Жаль мне вас, братие, скорблю вместе с вами об отце с дочерью, но мне пора возвращаться домой, на Псковщину. Прощайте и не взыщите! Прощай и ты, хранитель большого города, приятно было познакомиться...
Он уже расправил было крылья, чтобы взлететь, но ангел Юлиус ухватил его за крыло и взмолился отчаянно:
— Постой, братец, не улетай!
Ты ,конечно, свою Аннушку любишь, как не всякий отец любит свое дитя. Ты ей сейчас и за мать, и за отца, а скоро будешь и за бабушку. Все это я, брат, разумею.

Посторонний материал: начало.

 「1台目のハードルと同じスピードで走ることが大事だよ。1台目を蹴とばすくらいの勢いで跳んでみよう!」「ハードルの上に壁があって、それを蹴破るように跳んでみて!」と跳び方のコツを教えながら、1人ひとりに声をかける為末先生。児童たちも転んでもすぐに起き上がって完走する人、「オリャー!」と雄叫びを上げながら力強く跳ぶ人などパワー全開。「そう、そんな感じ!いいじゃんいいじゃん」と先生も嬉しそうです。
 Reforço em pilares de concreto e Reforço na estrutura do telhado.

Но и к моей-то Юлечке имей снисхождение, пожалей ты ее, кроху горемычную, погибает ведь совсем мое дитятко! Ее ли вина в том, что она почти всю свою маленькую жизнь росла без бабушки Насти, без светлой ее опеки? Она ли виновата в том, что некому было учить ее молитвам и в Божий храм водить? А ведь она бабушке Насте такая же родная внучка, как твоя Аннушка. Братец Иванушка, скажи ты по совести своей ангельской, от века незамутненной, разве не могло случиться так, что Аннушку твою увезли бы в Питер, а мы с Юленькой остались бы жить в Пскове, под покровом Псково-Печерской Лавры, с мамой Ниной и бабушкой Настей? Взяли бы родители да и поменялись девочками, ведь они их совершенно случайно выбрали: мать — Аню, а отец — Юлю.
— Что ты, что ты, братец! И подумать даже страшно! Я без бабушки Насти не справился бы, от нее всегда были тепло и свет в нашем доме.
— А у нас в доме — тьма болотная, — вступил в разговор ангел Димитриус. Он опустился на колени рядом с Иваном по другую сторону и тоже положил ему голову на плечо, словно боясь, что тот вдруг поднимется и улетит. Иван повернул к нему лицо и поглядел на него.
— Наши Мишины молятся деньгам, поклоняются машинам, а проповеди им телевизор читает, — сказал Димитриус. — Язычники они! Ну а просвещать их надо? А спасать? Слушай, Иван, может ты и вправду приедешь к нам со своей девочкой погостить? Это ж
только на каникулы!
— Понимаешь, братец, — снова начал говорить Юлиус, и ангел Иван обратил главу теперь в его сторону, — нам и в дом Мишиных без тебя не проникнуть: мы не можем туда войти, пока нас не позовут — ты знаешь закон. Когда дело касается нас, ангелов, бесы очень
строго следят за соблюдением законов. А ты при своей Анне войдешь в дом беспрепятственно, ибо ты в полном праве пребывать при ней неотлучно.
— Ты митинских бесов если даже не вовсе разгонишь, то хоть погоняешь примерно: уж очень они обнаглели, — вновь заговорил Димитриус, и ангел Иван обернулся к нему. — Ты вон какой здоровый! Ты у нас, Иванушка, будешь за старшего, мы тебя почитать будем и окажем тебе во всем полное послушание. Так, Юлиус?
— Вестимо! Соглашайся, Иван! А то пропадем мы без тебя...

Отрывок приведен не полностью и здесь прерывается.